▸ **Task objective**
Only the lines from the top of the records below through the line containing "1936. Este año" should be printed, exactly and without pictures.

○ ○ ○ ○

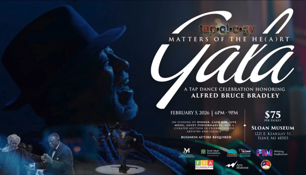 This year’s festival honors Founder Alfred “Bruce” Bradley, whose recent recovery from heart surgery reflects the festival’s theme: both heart and art sustain life. A Flint native and international touring artist, Bradley’s lifelong dedication to teaching and mentorship has shaped generations of tap dancers across the country.
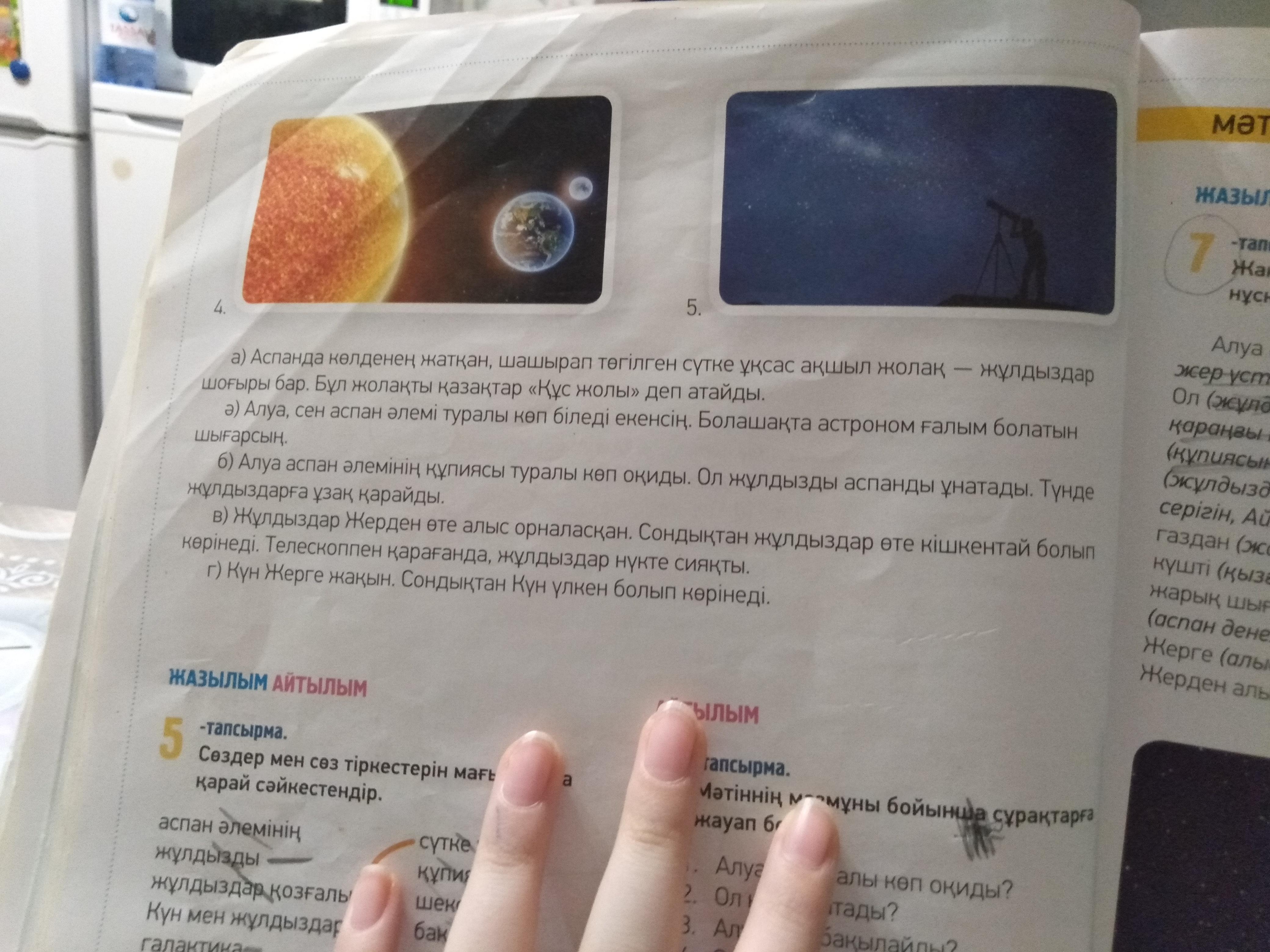 2. ә). Алуа сен жұлдыздар туралы көп біледі екенсін. Болашақта астроном ғалымы болатын шығарсын.
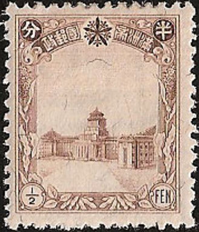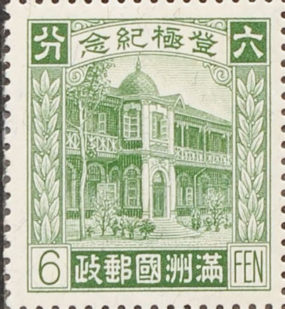 1936. Este año se terminó la construcción en la capital, Hsinking (actual Changchun), del edificio emblemático de la pujanza de Manchukuo, el Consejo de Estado, y fue conmemorado con este sello. En la actualidad sigue en uso y es una facultad perteneciente a la universidad de Jilin.
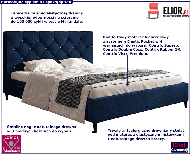 Sobral to ekskluzywny model łóżka z limitowanej kolekcji marki Edinos Premium, zaprojektowany z myślą o osobach, dla których w równym stopniu liczy się jakość, wygoda oraz wyrazisty design. Podstawę łóżka Sobral stanowi skrzynia wykonana z naturalnego drewna i płyty meblowej zbudowanej z włókien drzewnych, związków organicznych oraz dodatkowo uszlachetnionej cienkimi filmami melaminowymi w celu zwiększenia trwałości. Na skrzyni obłożonej profesjonalną pianką o grubości T25 i tapicerowanej szlachetną tkaniną welwetową opiera się doskonały jakościowo drewniany stelaż wykonany z mocnych sprężynujących listew z naturalnego drewna brzozowego. Tak skonstruowany stelaż ułatwia cyrkulację powietrza pod materacem, co doskonale wpływa na jakość snu oraz wydłuża żywotność materaca. Wysoki, pikowany zagłówek chroni ścianę przed zabrudzeniem i daje komfortowe oparcie dla kręgosłupa podczas lektury przed snem lub weekendowych śniadań w łóżku. A jego dodatkowym walorem jest fenomenalny efekt dekoracyjny, dzięki któremu zamienisz swoją sypialnię w oazę relaksu i harmonii.
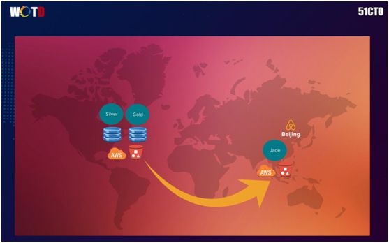我们在亚洲的新加坡有个 Gold 和 Silver Cluster 区域中心,而在中国北京我们用的是 Jade,其结构一模一样,只是在业务上有细微的差别。
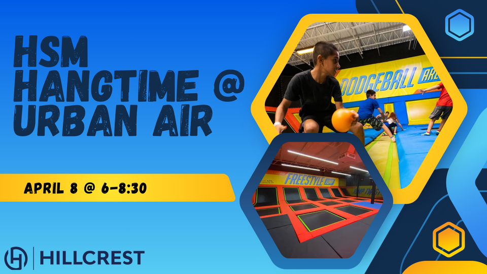 HSM Students! Who is ready to catch some killer hangtime?! Come invite a friend to join you show off your trampoline and bouncing skills as we head up to Urban Air in Madison! It is going to be an amazing night to do some flips, battle on the balance beam, play some trampoline dodgeball, and MORE! Make sure you bring some jump socks if you have them! Bus will pick us up at Hillcrest at 6PM!

○ ○ ○ ○

▸ **Result of this exercise**
 This year’s festival honors Founder Alfred “Bruce” Bradley, whose recent recovery from heart surgery reflects the festival’s theme: both heart and art sustain life. A Flint native and international touring artist, Bradley’s lifelong dedication to teaching and mentorship has shaped generations of tap dancers across the country.
 2. ә). Алуа сен жұлдыздар туралы көп біледі екенсін. Болашақта астроном ғалымы болатын шығарсын.
 1936. Este año se terminó la construcción en la capital, Hsinking (actual Changchun), del edificio emblemático de la pujanza de Manchukuo, el Consejo de Estado, y fue conmemorado con este sello. En la actualidad sigue en uso y es una facultad perteneciente a la universidad de Jilin.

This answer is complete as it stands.